A judge ruled that Manahan wasn’t fit to take care of Anastasia and committed her to a psychiatric ward. Manahan promptly smuggled her out. A thirteen state man-hunt ensued. Police found them in a field in Amherst, fifty miles south of Charlottesville, living in Manahan’s car. Anastasia died two months later in 1984, and Manahan soldiered on alone until his death in 1990. For an interesting article about them, see Jack & Anna, Remembering the Czar of Charlottesville Eccentrics at http://www.readthehook.com/86004/cover-jack-amp-anna-remembering-czar-charlottesville-eccentrics.
Not long after Manahan’s death, evidence surfaced that seemed to verify her story. The Russians found a mass grave, containing the bones of the tsar’s family. Mysteriously, the remains of his son and one of his daughters were missing. Anna Anderson’s supporters exulted, presuming that the missing daughter proved her claim.
The triumph was short-lived. DNA analysis came along in 1994 and proved she was Franziska Schanskowska, a mentally ill Polish factory worker, who disappeared in 1920, about the same time Madame Unknown jumped off the bridge in Berlin. And the grave with the missing corpses? In 2007 a second grave coughed up bones with DNA that matched the tsar’s missing son and daughter.

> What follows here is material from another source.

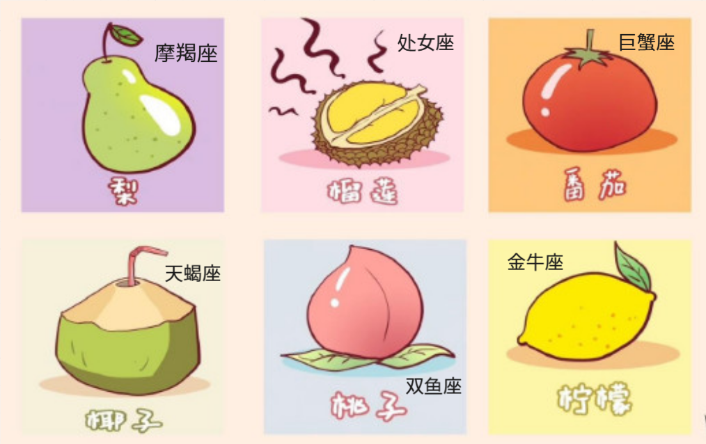 Давайте посмотрим, что получилось: 1. Козерогов (摩羯座 mójiézuò) сравнили с грушами (梨子 lízi) 2. Дев (处女座 chǔnǚzuò) сравнили с.... дурианом 😶🌫️ (榴梿 liúlián) 3. Раки (巨蟹座 jùxièzuò) - это вылитые томаты! (番茄 fānqié) 4. Скорпионы (天蝎座 tiānxiēzuò) - это кокосы (椰子 yēzi) 5. Рыб (双鱼座 shuāngyúzuò) в этом тренде увидели в качестве персиков (桃子 táozi) 6. Тельцы (金牛座 jīnniúzuò) - это лимоны (柠檬 níngméng) Нашли свой знак? Тогда пишите какой вы фрукт на китайском! Если нет, то во второй части обязательно найдете!

Reflecting back on those days in Charlottesville, I find the truth more incredible than the fraud. Franziska Schanskowska lived into her eighties. For sixty years, from the bridge in Berlin to her deathbed, her admirers housed, fed, clothed, and bankrolled her. She never had a job, never earned a penny. This unschooled impostor deceived international sophisticates and fought the Romanov family to a draw in the courts for a half century.

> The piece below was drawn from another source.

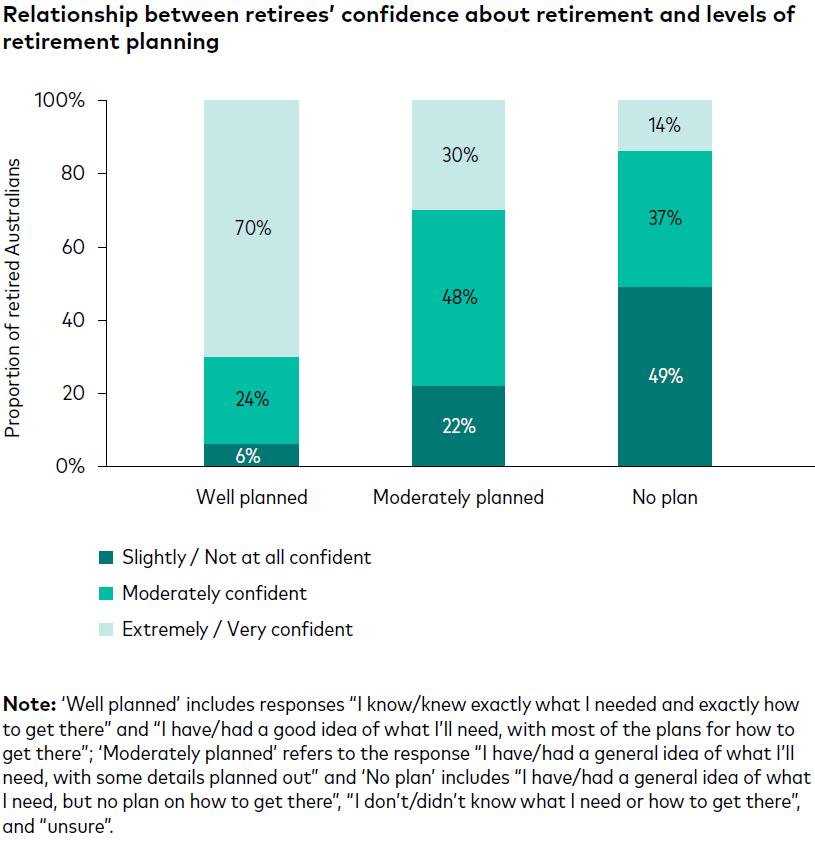 Retirees who were well planned and knew exactly or had a good idea of what actions they need to take to prepare for retirement are four-times more likely to be highly confident about retirement than those who did not have a plan upon retiring.

Remembering the gnomish woman who sat across from me in Manahan’s living room and told me her story, I understand how she fooled so many. Her charming fairy tale was much more appealing than the harsh truth. I wanted to believe it, and I can attest that she clearly seemed to believe it, too. I wonder if the mentally ill Madame Unknown lost her real identity in her web of lies somewhere along the line, like an actress lost inside the fictional person she played.
Whatever she thought, I’m glad Manahan never learned the truth. An avid genealogist, he valued bloodline above all else and reminded me every chance he got that he was the son-in-law of the Tsar of Russia. Despite his craziness, I liked him and I’m glad he never knew that his Russian princess was really a Polish peasant, for it surely would have broken his heart.